Пускай скудеющие нивы

Устелят красным кирпичом,

И остов фабрики спесивый

Твоим да будет палачом.

В «Новой Америке» от этого смешанного чувства осуждения и обреченности не осталось и следа. Напротив, здесь отразилась сильно увлекавшая поэта с недавних пор мысль о «великом возрождении» будущей России «под знаком мужественности и воли», симптомы которого он видел, между прочим, в начавшемся подъеме национальной промышленности, в частности – горнозаводской. В этой связи находят объяснение мотивы «угля», «руды», «черного бриллианта», присутствующие не только в «Новой Америке,» но и в прологе поэмы «Возмездие» и в «Ямбах».

Несколько позже он скажет: «Будущее России лежит в еле еще тронутых силах народных масс и подземных богатств». А когда его «Новая Америка» (тогда еще «Россия») была сочувственно процитирована и прокомментирована в передовой статье журнала «Горнозаводское дело», он, как передает В.Пяст, «глубоко обрадовался, воочию увидев тут силу воздействия слова, поэзии – на действительность».

С кругом этих мыслей тесно связан и долго увлекавший Блока замысел драмы «Нелепый человек», тоже посвященной «фабричному возрождению России». «Новая Америка» была написана 12 декабря 1913 года, а первая наметка сюжета драмы датирована 9 декабря.

В этом произведении Блок собирался реализовать свое представление о «новом человеке», волевом и мужественном, способном «жадно жить и действовать», который должен прийти на смену человеку «старому», вялому, не приспособленному к живому делу, искалеченному в водовороте страшного мира. Отдельные линии намечавшегося (крайне разветвленного) сюжета – разорение дворянской семьи, прожектерская причуда «мечтателя», продажа имения, находка промышленного угля на проданной земле – сближают блоковский замысел с «Вишневым садом» Чехова.

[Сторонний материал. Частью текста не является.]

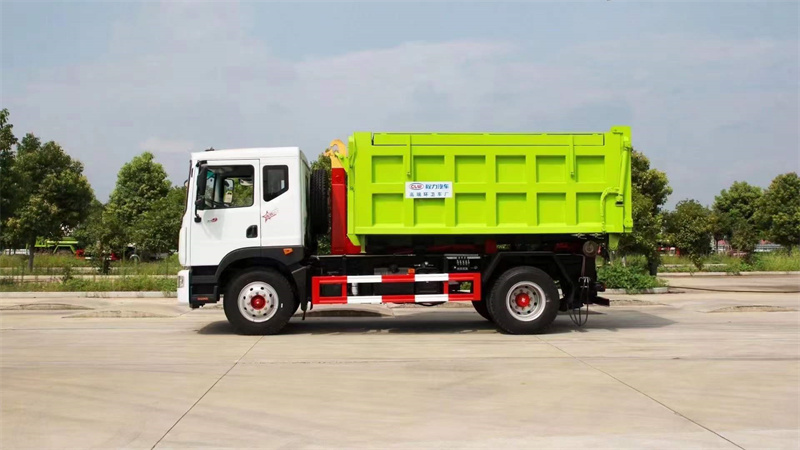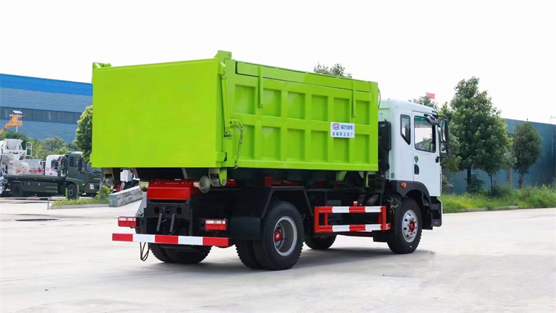 車廂可卸式垃圾車采用全封閉式垃圾箱,并可被吊裝和卸離底盤。具有結(jié)構(gòu)簡(jiǎn)單,操縱方便靈活,安全可靠,機(jī)械化程度高等特點(diǎn),因而使其具有較高的工作效率,同時(shí)可防止誤操作,避免事故發(fā)生,并可節(jié)省人力,減輕工作人員的勞動(dòng)強(qiáng)度。由于它的特殊結(jié)構(gòu)型式和工作方式,使其在裝車和運(yùn)輸過(guò)程中能有效地避免二次污染及噪聲污染,對(duì)于保護(hù)環(huán)境極為有利,是一種新型垃圾收集和運(yùn)輸車。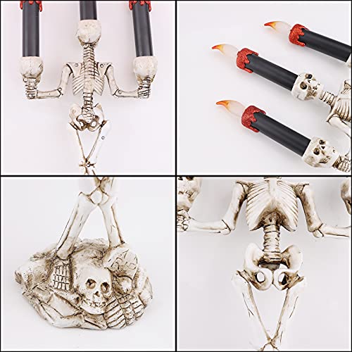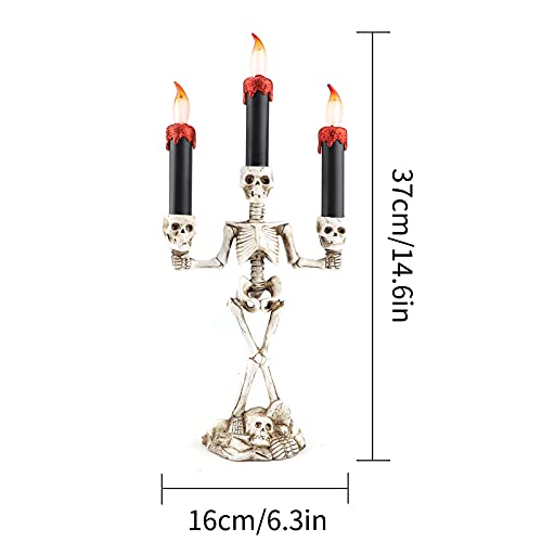 - 【Package Include】You will get 1 Halloween skull candlestick candle. The candle light is powered by batteries (batteries are not included). You need 3 AAA batteries to use. Install it at the bottom and turn on the switch to enjoy your Halloween night.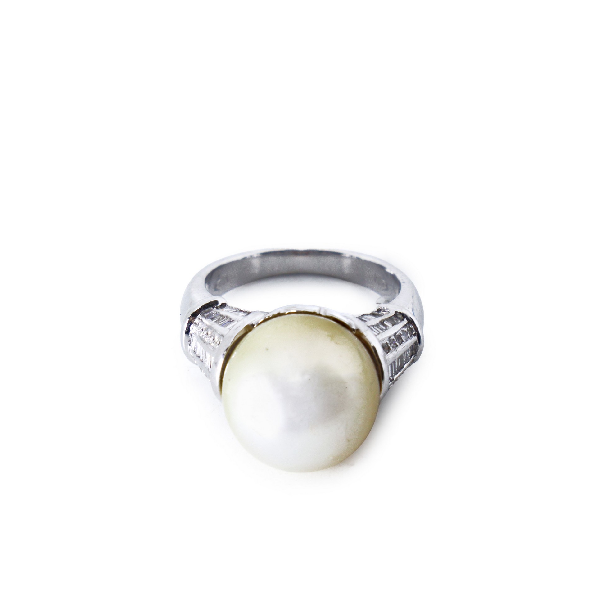 Anello in oro bianco 18 kt con diamanti taglio brillante e perla Oro Gr 6,10 peso totale Gr 9,30 Brillanti kt 0,86, perla australiana kt 15,32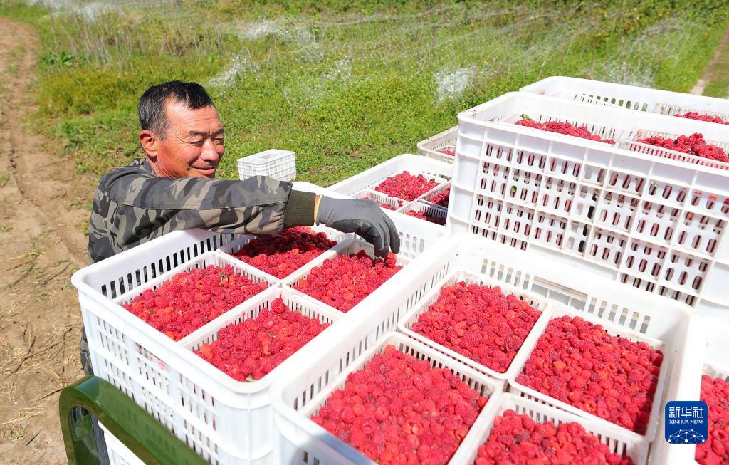 9月6日,在法庫縣登仕堡子鎮西登仕堡子村樹(shù)莓種植基地,農民準備運送樹(shù)莓。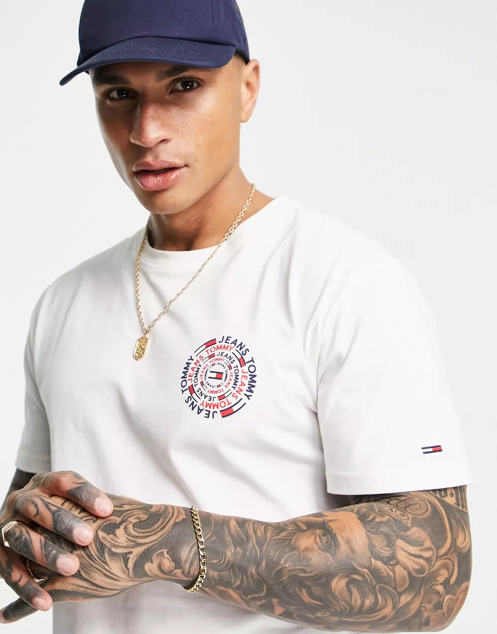 - Tommy Jeans round back print t-shirt classic fit in cream - CREAM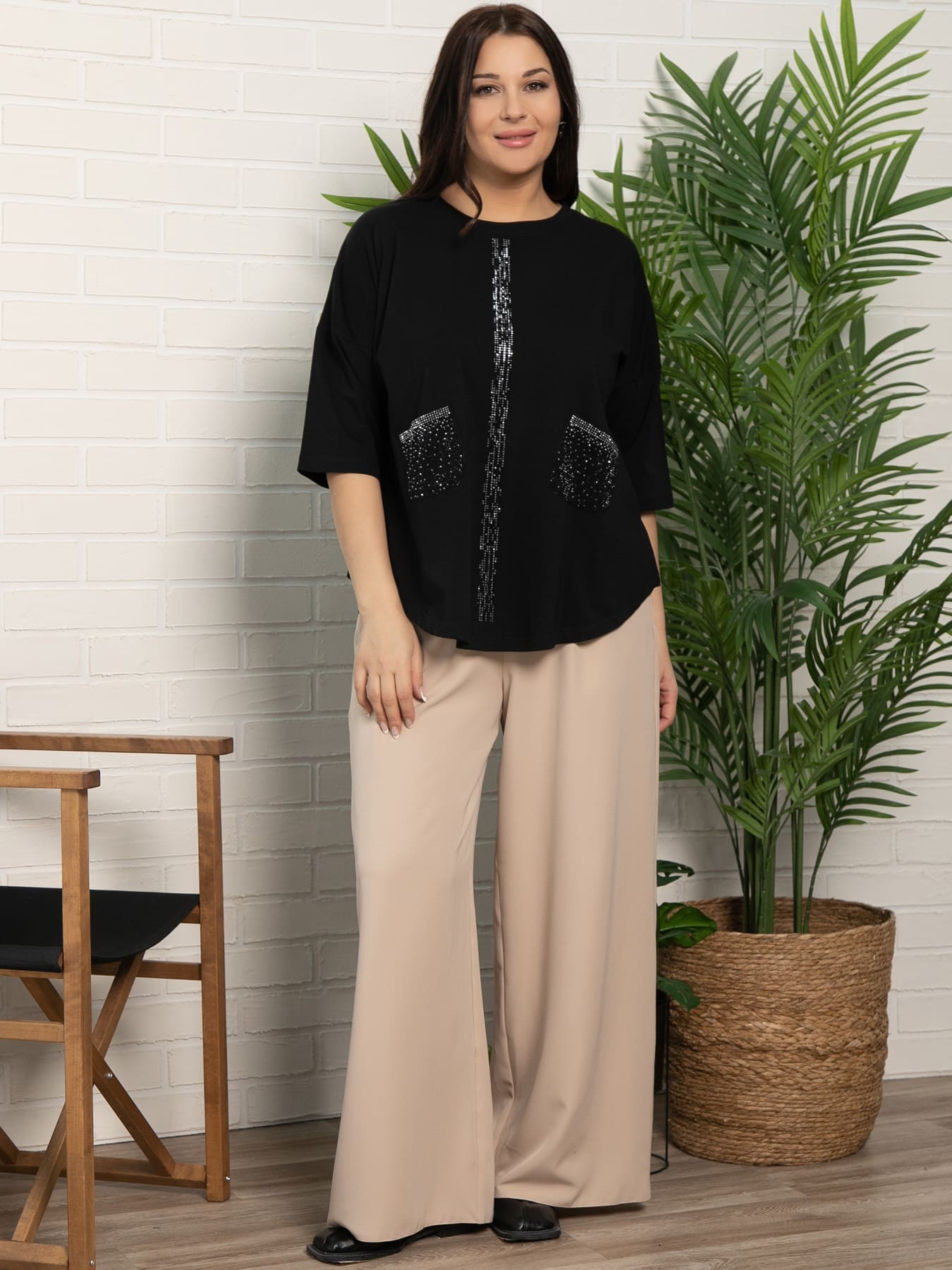 Обновите гардероб этой элегантной и универсальной блузкой, идеально сочетающей в себе комфорт и модный дизайн. Плечо спущено, и рукав длиной 3/4 добавляют непринужденности и легкости образу. Округлая горловина, окантованная обтачкой, придает аккуратный вид. Низ спинки и переда плавно закруглены к боковым швам с обеих сторон. Эта блузка станет отличной основой для повседневных или более торжественных образов, подчеркнув вашу индивидуальность и чувство стиля!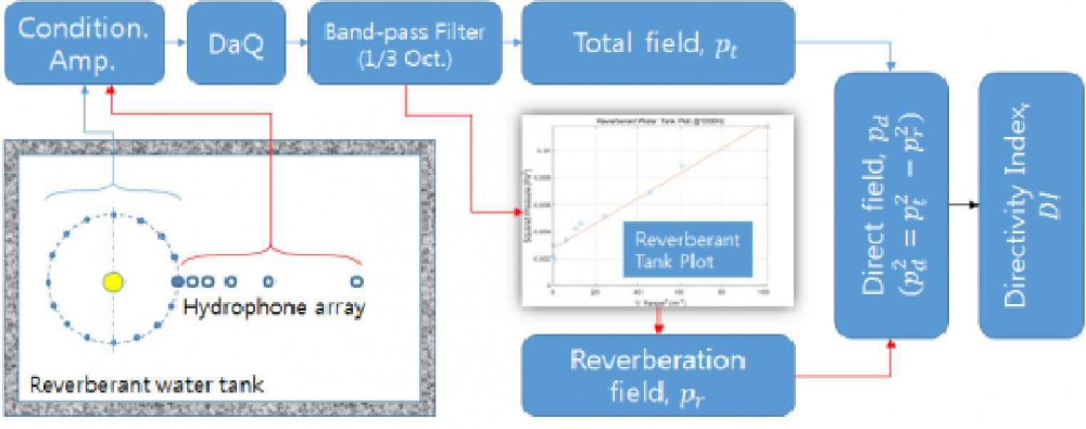 본 발명은 잔향수조에서의 음원 지향성 산정에 적용하는 간이추정방법에 관한 것으로, 확산음향장인 잔향수조에서의 음원 지향성 산정에 적용하는 간이추정방법으로서 상기 음원 지향성 간이추정기법은 수중청음기를 이용한 신호 계측, 신호증폭, 음압 데이터 획득(data acquisition, DaQ), 광대역 필터 적용, 전체 음압 및 잔향수조도 기반의 잔향음압 산정, 직접음압 산정, 지향성 지수 산정 절차를 포함하는 것으로, 본발명은 잔향수조 내 단극음원과 쌍극음원에 대한 수치시뮬레이션을 수행하여, 수중음원에 대한 정도 높은 지향성 산정이 가능한 현저한 효과가 있다.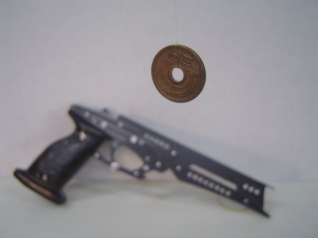 で、初めに作ったのが銃身長17cmモデル。ところがショートバレル銃に輪ゴムを平掛けして撃った場合、見当違いの方向に飛んでいく弾が少なくないことを知ります。そこで3cm伸ばしたバレルを作り換装、そして再び試射。集弾率は若干良くなったもののまだ不満。また威力が無い分、コインの揺れ幅が小さいのも自分にはむしろやり難いことに気づきます。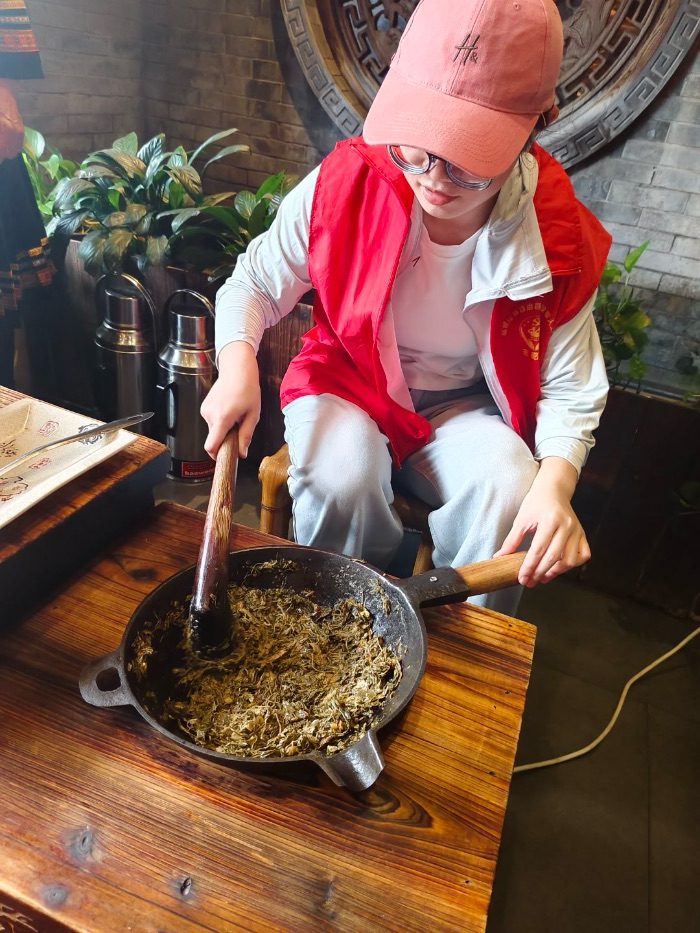 實踐團第二戰來到恭城瑤族自治縣民族產業展示中心,與非遺恭城油茶縣級傳承人劉老師深入交流。“恭城油茶”不僅是自治區級非物質文化遺產,更是瑤族人民日常生活的必備飲品。在交流過程中,非遺恭城油茶縣級傳承人劉老師說到:“恭城油茶起源于唐代瑤族先民應對潮濕瘴氣的生存智慧,至今已有千年歷史。恭城油茶是恭城的文化名片,我希望通過大家的努力,讓這張名片更加亮麗,讓油茶文化走向全國,走向世界。同時,我也希望更多的年輕人能夠加入到油茶文化傳承的隊伍中來,讓這技藝在新時代煥發出新的生機與活力。”傳承人向成員們詳細演示了油茶制作的六道核心工序:從最初的用開水浸泡茶葉5-10分鐘,到洗凈茶葉;從燒熱茶鍋放入少許食油,到放入茶葉、生姜、蒜米并反復捶打;最后加入開水和精鹽,整套流程一氣呵成,力道與火候的把握盡顯功力。實踐團成員們沒有止步于觀摩。在傳承人的指導下,實踐團成員們親手嘗試捶打技巧,成員們親自體驗了炒茶、捶打、過濾等工序,深刻感受到了恭城油茶"一杯苦、二杯呷(澀)、三杯四杯好油茶"的獨特風味和文化內涵。
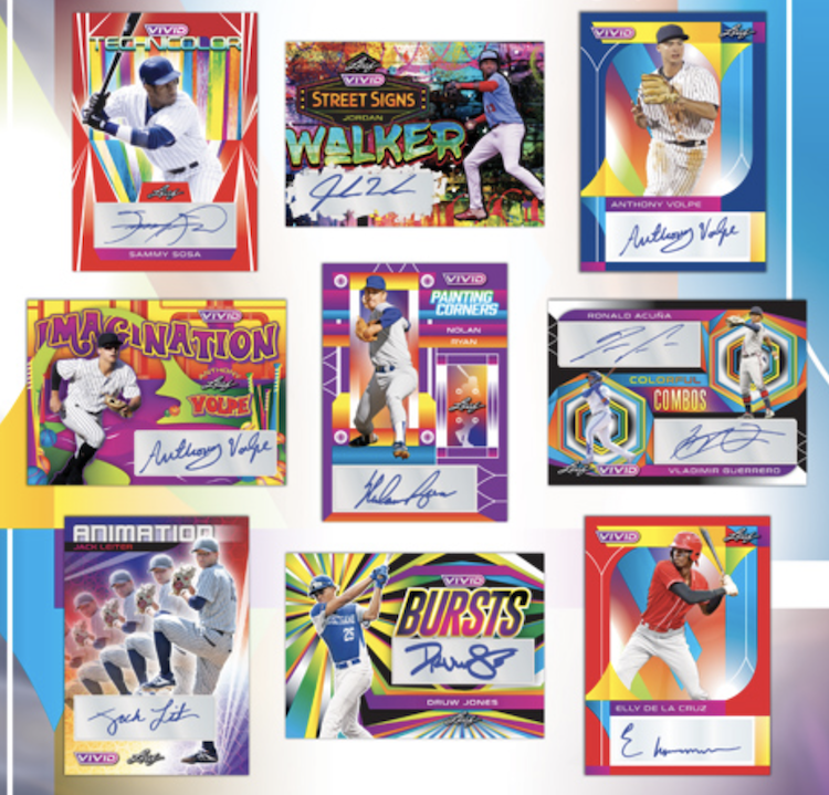 The Basics: This one will have a print run half of previous brands released in this ink-only format. No set or parallel details were released for this one but among the subsets/inserts appear to be Bursts, Animation, Imagination, Painting Corners, Colorful Combos, Street Signs and Technicolor. Among the teased autos here? Sammy Sosa, Druw Jones, Jack Leiter, Anthony Volpe, Vladimir Guerrero Jr., Ronald Acuña Jr. and Nolan Ryan for starters.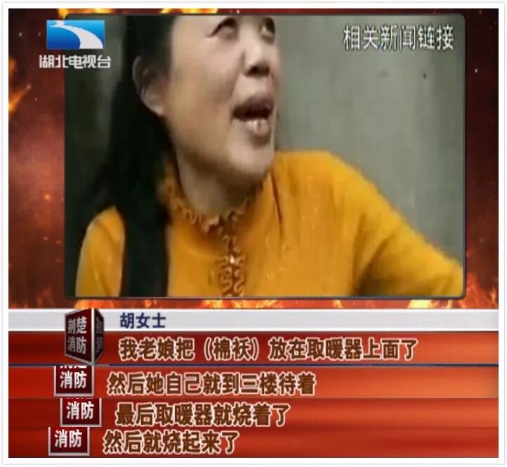 2014年1月29日,发生在安徽池州的一起民房火灾,就是由于居民在电暖器上烘烤衣物引起的。火势顺势从二楼往三楼蔓延,瞬时间,整栋居民房被浓烟烈火吞噬。消防员用时20分钟,才将大火扑灭。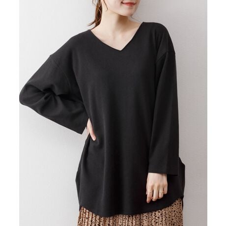 長めの着丈でヒップの気になるラインを隠しリラクシングに体型もカバー。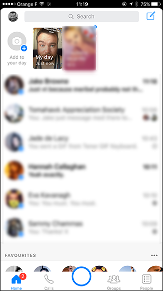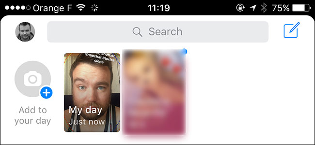 Facebook has given Messenger Day a prominent position in the Messenger app. Small thumbnails of your friends’ posts appear at the top of the message list. To view someone’s Messenger Day, just tap their thumbnail.
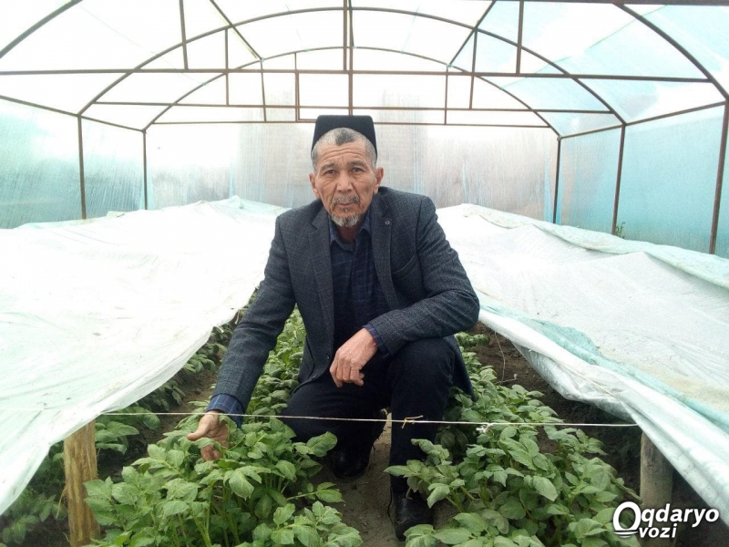 - 40 йилдан буён картошка етиштириш билан шуғулланиб келаман, - дейди Облоқул Низомов. - Одамлар март ойларида картошка уруғ қадаган пайтида биз бозорларга картошка чиқариб, яхши даромад кўриб келамиз. Айни пайтда 1 сотихли иссиқхонада сариқ навли «санта» уруғи ҳосилга кирган. Қизил картошка экинимиз ҳосилга кириш арафасида турибди. Бир сотихдан 6 центнер яъни 600 килограмм ҳосилни чамалаб турибман. Агар ҳар бир хонадон томорқасидан самарали фойдаланса, камбағал оиланинг ўзи қолмайди.

Само понятие новаяАмерика (не «старая», уже существующая, а именно новая, еще «небывалая») было для Блока образом будущей России – «нового света», «Великой Демократии», которая должна прийти в мир «опоясанная бурей». И чем больше размышлял он о будущей России, тем острее чувствовал неотвратимо приближающийся конец России старой. В октябре 1913 года он пророчит: «Не все можно предугадать и предусмотреть. Кровь и огонь могут заговорить, когда их никто не ждет. Есть Россия, которая, вырвавшись из одной революции, жадно смотрит в глаза другой, может быть более страшной» (статья «Пламень»).

В его сознании и творчестве возникает образ бездны,куда вот-вот провалится старая Россия – вся целиком, с царской камарильей, Распутиным, черной сотней, финансовой плутократией, со всем, что он так страстно ненавидел и проклинал.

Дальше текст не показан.